The Ministry intends to pay Community Rehabilitation Companies by a combination of payment by results and fee for service. This is complex, untested and remains subject to agreement with providers. 

The Ministry must ensure that the new contracts contain open-book accounting arrangements and allow the National Audit Office full access to contractual information, so that we can follow the taxpayers’ pound and be assured that value for money is being served and contractors are not gaming the system as has happened in the past.

The supervision and management of offenders is an essential public service that must be maintained in the event of a supplier failing or withdrawing from the contract. The Ministry pointed to the existence of the National Probation Service as a provider of last resort, but could not provide details of its contingency plans as commercial negotiations are still in progress.

The provision of rehabilitation services will be extended for the first time to those sentenced to less than 12 months in custody, an estimated 50,000 offenders. This represents a 22% increase on the 225,000 offenders managed by the probation service during 2012-13. However the Ministry could not tell us how this significant increase in the case load of probation staff would be managed.

The Ministry must ensure that the current ‘good’ standard of performance is maintained during the transition to new providers and the increase in offender numbers.

The new arrangements have not been fully piloted and the Ministry expects the new National Probation Service and the 21 Community Rehabilitation Companies to begin operating from 1 June 2014, allowing only a limited opportunity for parallel running of the new arrangements during April and May 2014.

We therefore welcome the Ministry’s commitment to only proceed at each stage of the programme if it is satisfied it is safe to do so and that value for money will not be jeopardized.

The Committee also looked across the wider Criminal Justice System. We identified a number of weaknesses that have persisted for far too long and which cause delay and inefficiency, and serve to undermine public confidence.  

The Departments responsible (Home Office, Ministry of Justice and the Attorney General’s Office) are struggling to ensure the smooth passage of criminal cases through the System.

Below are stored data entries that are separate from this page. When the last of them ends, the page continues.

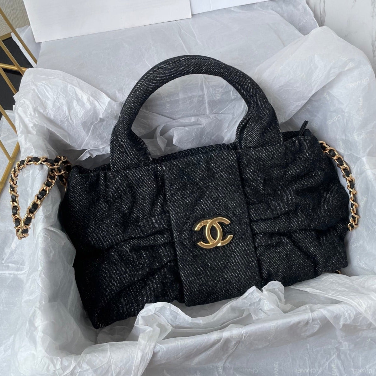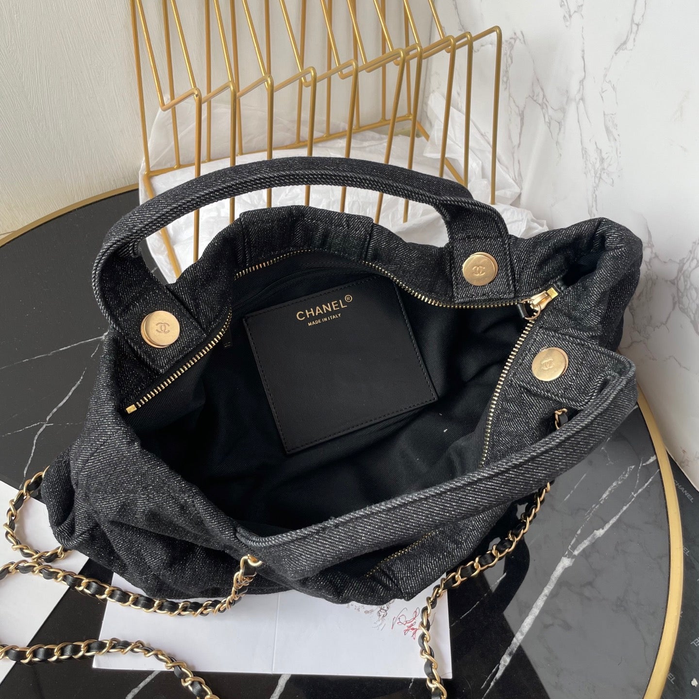 Chanel 25 Tote Bag Navy Blue 48cm Denim Leather 289494
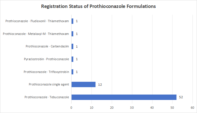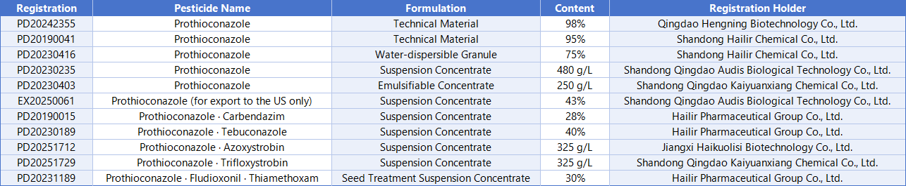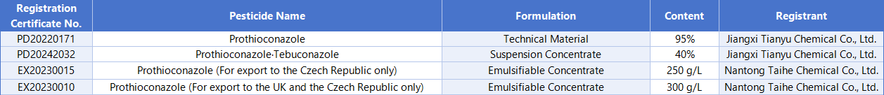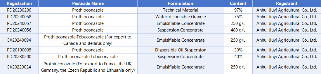 In terms of the registration of mixed formulations, Jiuyi Co., Ltd. has registered 2 products that are mixtures of prothioconazole and tebuconazole.
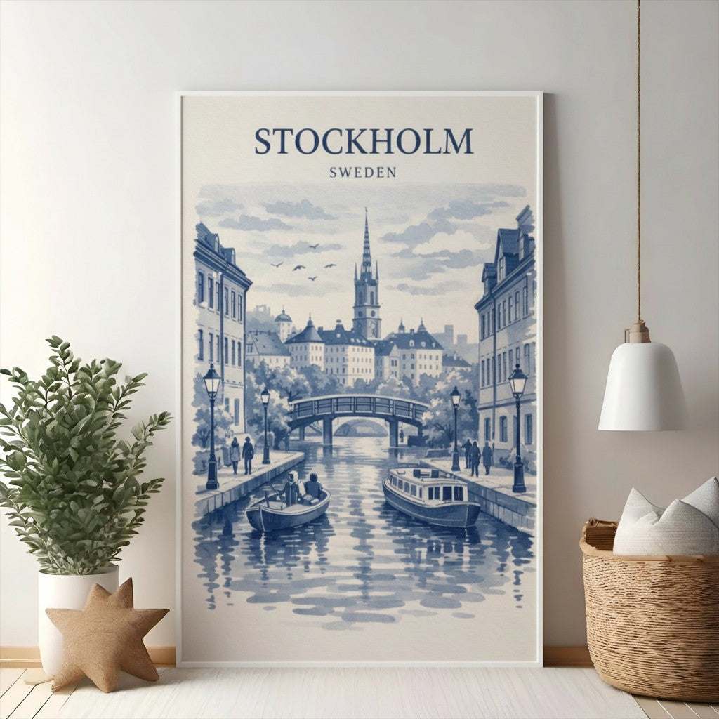 Bring the charm of the Swedish capital into your home with this beautiful Stockholm canal print. Featuring a serene blue and white watercolor design, this artwork captures the picturesque waterways, historic architecture, and charming bridges that define Stockholm. Perfect for adding a touch of European elegance to any room, this print serves as a constant reminder of a tranquil canal-side escape. Ideal for travel enthusiasts and lovers of Scandinavian design, this piece will transport you to the heart of Sweden with its timeless appeal.
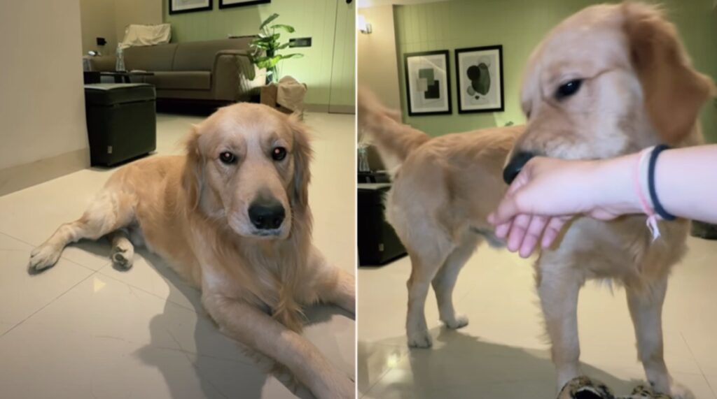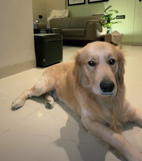 The video — shared by Instagram user @miimiisgram — begins with the Golden lounging calmly on the floor, looking relaxed and peaceful.
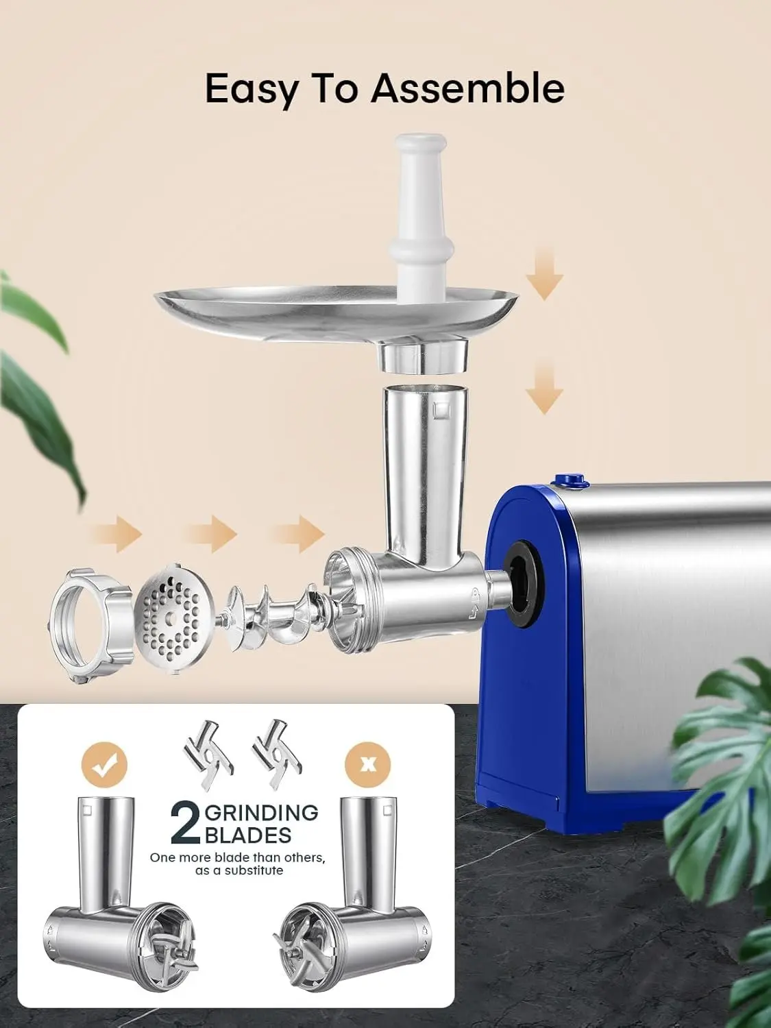 【More Size】 3 IN 1 heavy duty meat mincer with 3 grinding plates (2mm/5mm/7mm) and 3 size sausage stuffer tube can meet your daily needs. 2 stainless steel shreds meat easily, Make ground meat simple and easy
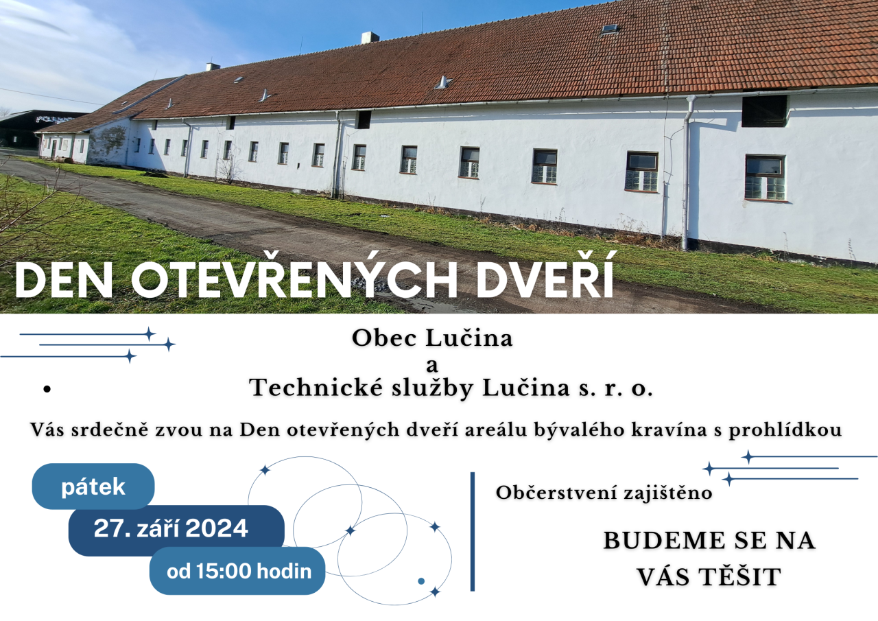 Obec Lučina a Technické služby Lučina s. r. o. Vás srdečně zvou na Den otevřených dveří areálu bývalého kravína s prohlídkou v pátek 27. září 2024 od 15 hodin.
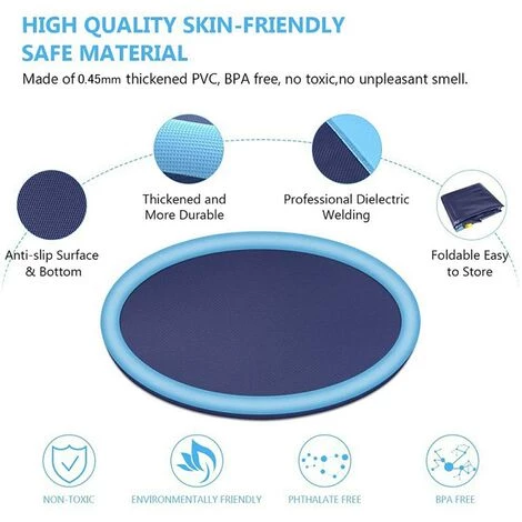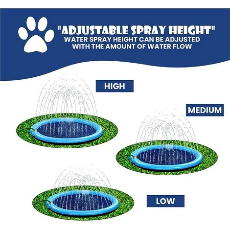 Grand diamètre taille -59pouces de grand espace suffit pour les chiens animaux de compagnie et les enfants jouent ensemble. Le tapis de pulvérisation de la fontaine avec de nombreux trous d’eau fournit une bonne fontaine à jouer avec de l’eau.
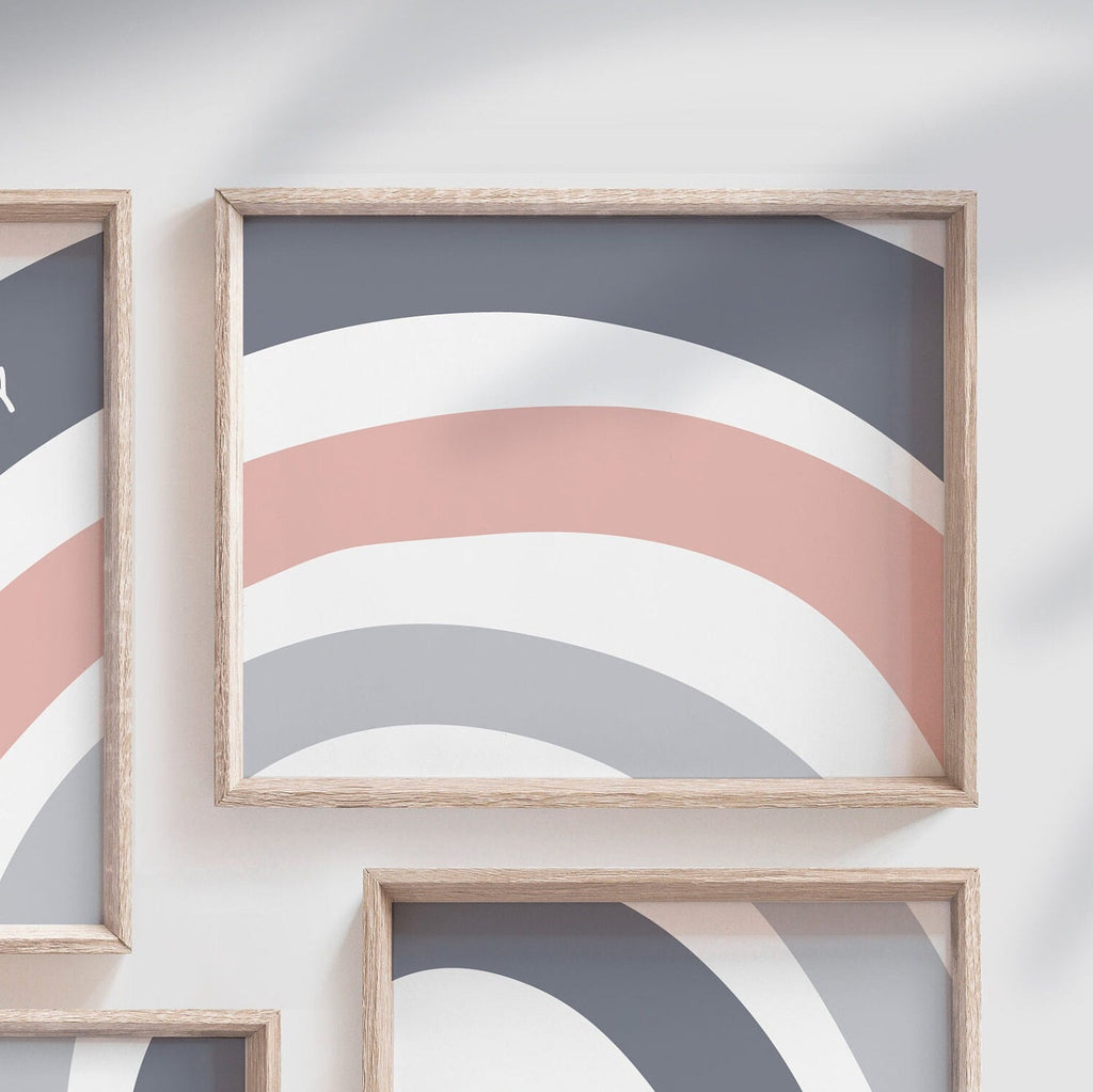 I take pride in creating all of my designs. These contemporary rainbow theme wall art prints will redefine the walls of a girl's nursery, playroom or bedroom. Each design is curated with a passion and vision to create inspired spaces for you and your little ones.
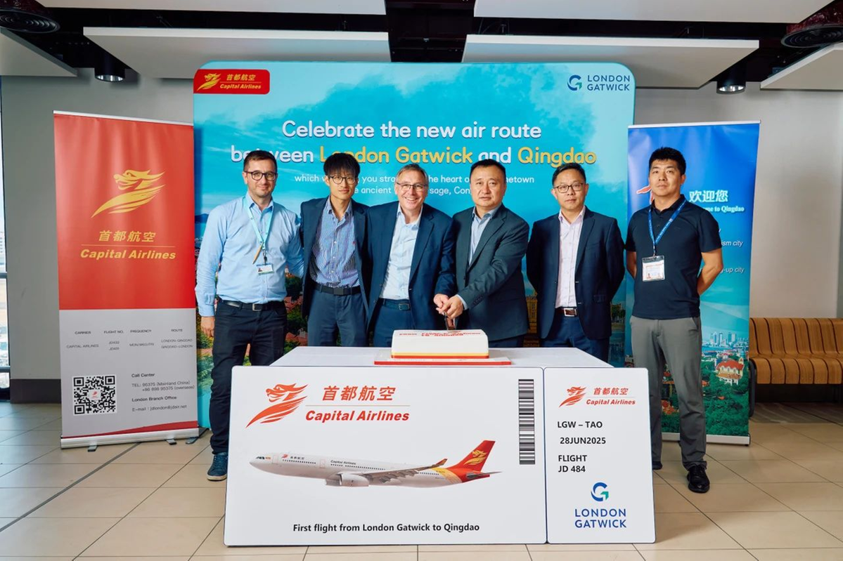 Beijing Capital Airlines inaugurated a direct service between London Gatwick Airport and Qingdao in East China's Shandong province at the London terminal on Saturday.
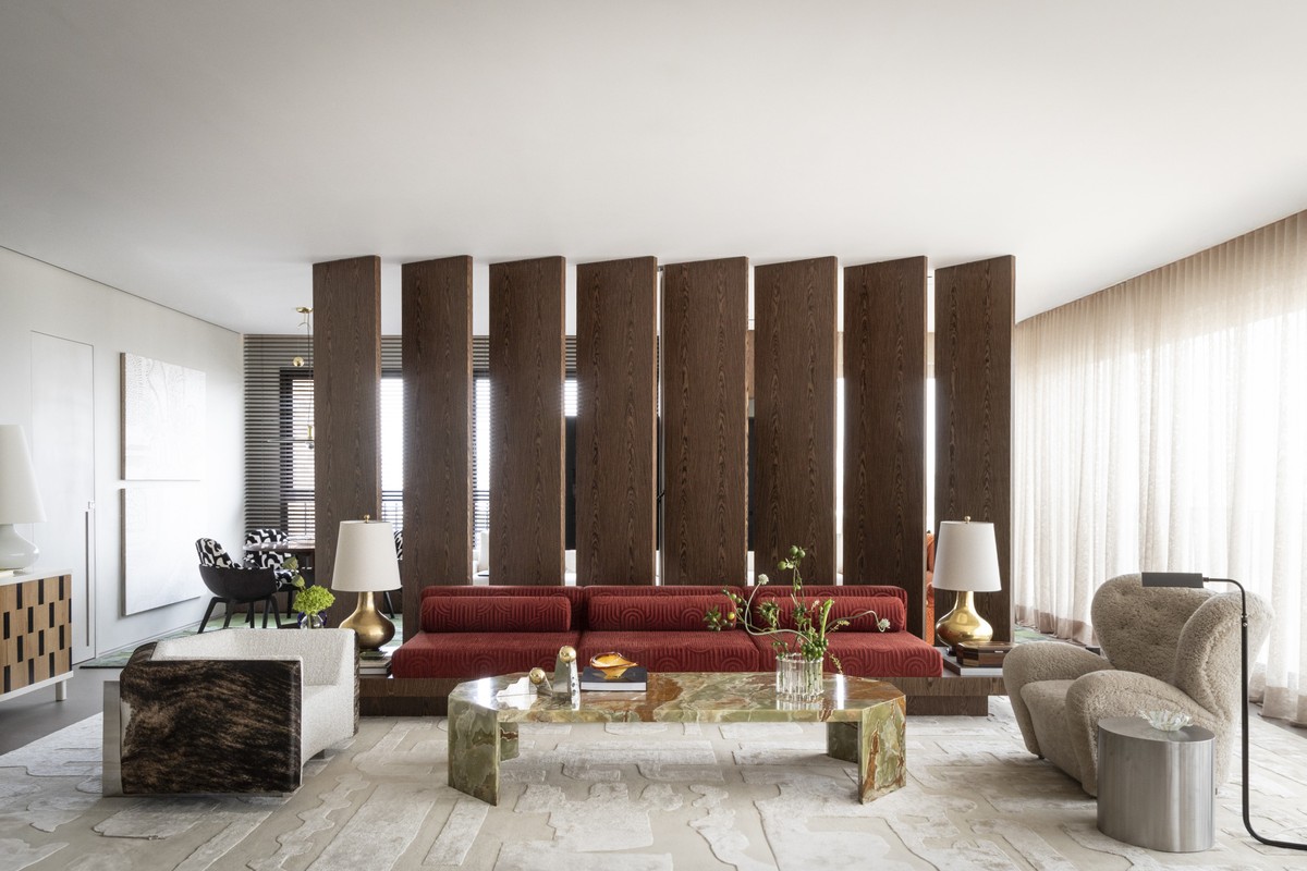 A casa é uma extensão materializada de seus habitantes – e este apartamento de 303 m², em São Paulo, morada de uma jovem empresária cosmopolita e colecionadora de arte e seu noivo, segue à risca essa premissa. Após anos vividos no exterior, ela trouxe um repertório extenso na bagagem: ponto de partida para o projeto de Felipe Saurin. “Todo o processo foi surpreendentemente fluido e intuitivo. Tivemos apenas uma reunião de briefing”, lembra o arquiteto. “O mais curioso é que a proposta foi desenvolvida enquanto a moradora ainda vivia em Londres. Com pouquíssimas oportunidades de encontrá-la pessoalmente, acabei levando uma mala cheia de amostras para um casamento em comum que teríamos em Sevilha. Durante um almoço, em uma hora, definimos todos os tecidos e acabamentos.”
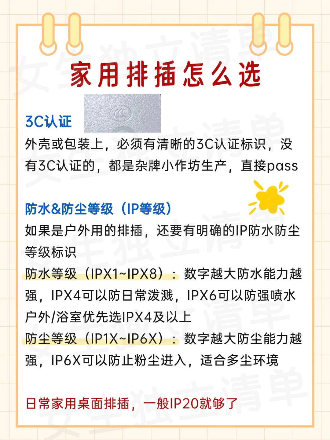 🔺安全标识:必须有3C认证,户外用排插要有IP等级,家用桌面IP20即可,户外优先IPX4及以上
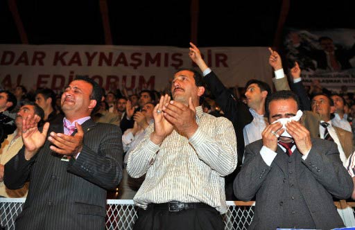 Partililer, sık sık tekbir getirerek, ''Başbuğ Muhsin'', ''Muhsinler ölmez vatan bölünmez'' sloganları attı.
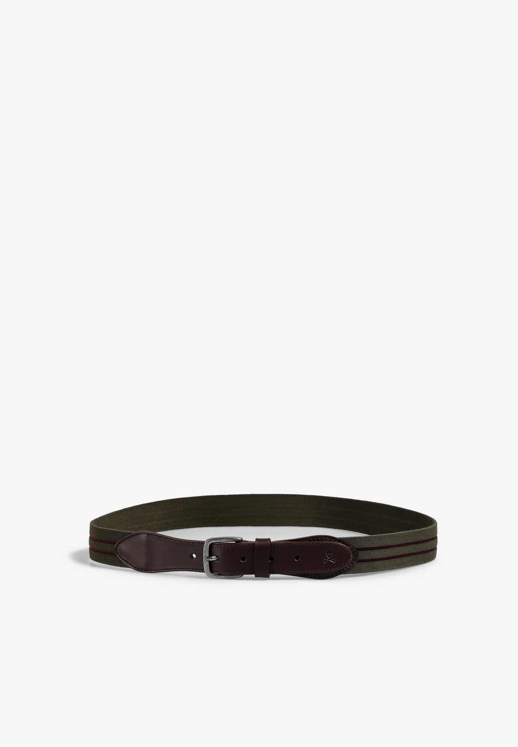 Riem van leer. Sluiting met verstelbare gesp. Geborduurd ton sur ton doodshoofd.
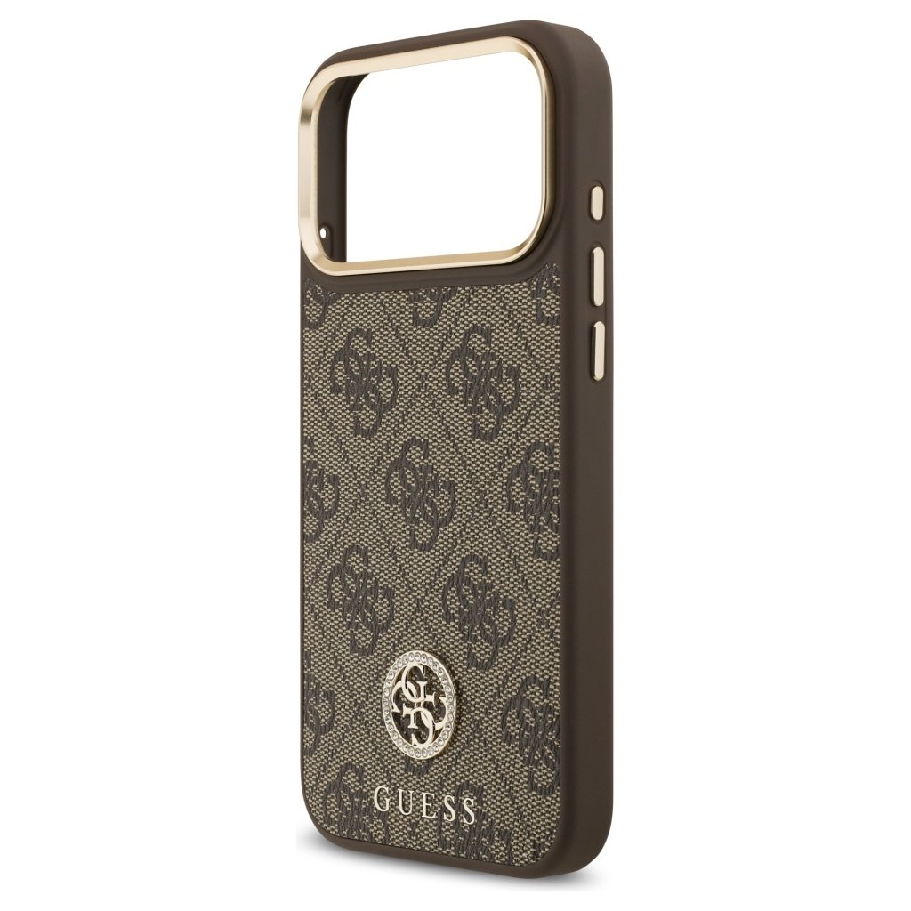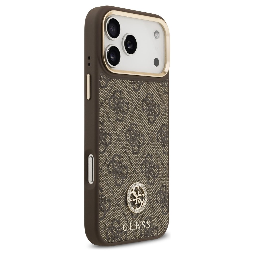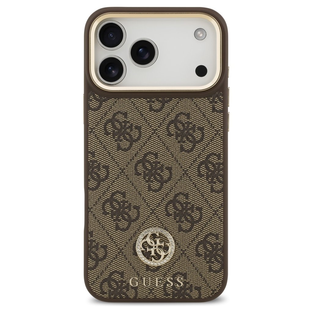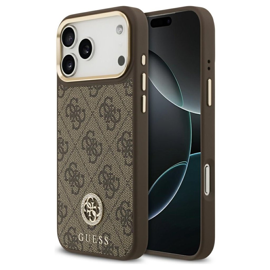 * **Typ produktu:** Ochranné puzdro (Hardcase) * **Značka:** Guess * **Model:** 4G Strass Logo MagSafe * **Kompatibilita:** iPhone 17 Pro Max * **Farba:** Hnedá * **Materiál:** Odolný plast (hardcase) * **Dizajn:** 4G monogram, logo Guess s kamienkami (strass), zlaté detaily * **Funkcie:** MagSafe kompatibilita, ochrana proti poškriabaniu a nárazom, presné výrezy * **Štýl:** Luxusný, elegantný, módnyDodatočné parametre
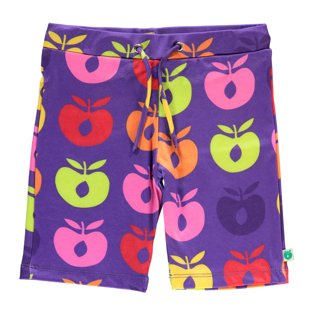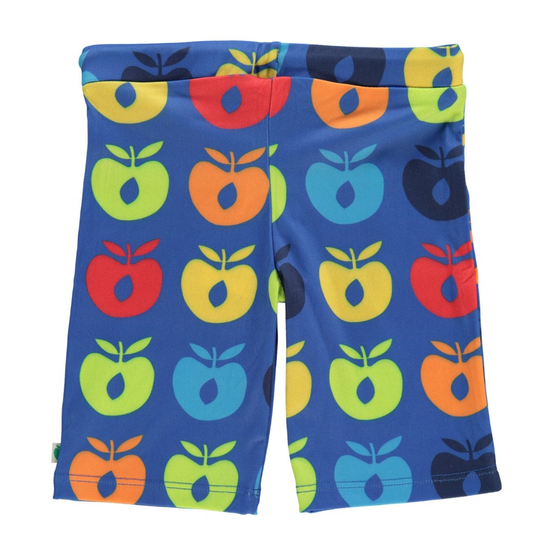 Swimming trunks with apple print, produced in stretchable and durable polyester. Småfolk's swimwear protects your child's skin with the UPF50+ UV factor knitted into the fabric.
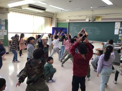 2年生が、「せたがやパブリックシアター」の方の楽しい出前授業を受けていました。みんなで楽しい時間につくるためにルールを守り、全身を思い切り使って表現することを感じ取っていました。

A quarter of trials are cancelled or delayed because of late decisions by Prosecutors or Court managers.

Also the quality of police case files is poor and getting worse. In 2011 around half of police files given to the CPS did not give an adequate summary of the case, rising to 73% in 2013. The Criminal Justice Board needs to monitor performance and drive consistent standards, so they can identify the poor performers and take action where necessary.

Collaboration between police forces undoubtedly improves efficiency. However, cooperation is voluntary, and the present level of collaboration is at best patchy across England and Wales. There is far more scope for good practice examples to be shared and replicated. 

The remarkably slow progress in improving IT systems over the last decade means there are still too many disparate systems which fail to operate together. There are some 2,000 IT systems in use in the police service, and the Metropolitan Police alone uses over 300. The Departments need to set a clear vision for future IT with a timetable for how different initiatives will come together to provide a coherent and seamless case management system.

The Home Office, Ministry of Justice and Crown Prosecution Service have made some efforts to improve efficiency, but these are taking place against a background of reduced resources and staffing, and progress in addressing the key problems remains disappointingly slow.”

Margaret Hodge was speaking as the Committee published its 58th and 59th Reports of this Session which, on the basis of evidence from Dame Ursula Brennan (Permanent Secretary, Ministry of Justice), Mark Sedwill (Permanent Secretary, Home Office), Alison Saunders (Director of Public Prosecutions), Peter Lewis (Chief Executive, Crown Prosecution Service) and Sarah Payne, Antonia Romeo, Michael Spurr and Nick Brown (National Offender Management Group, Ministry of Justice), examined the subjects of the Criminal Justice System and Probation.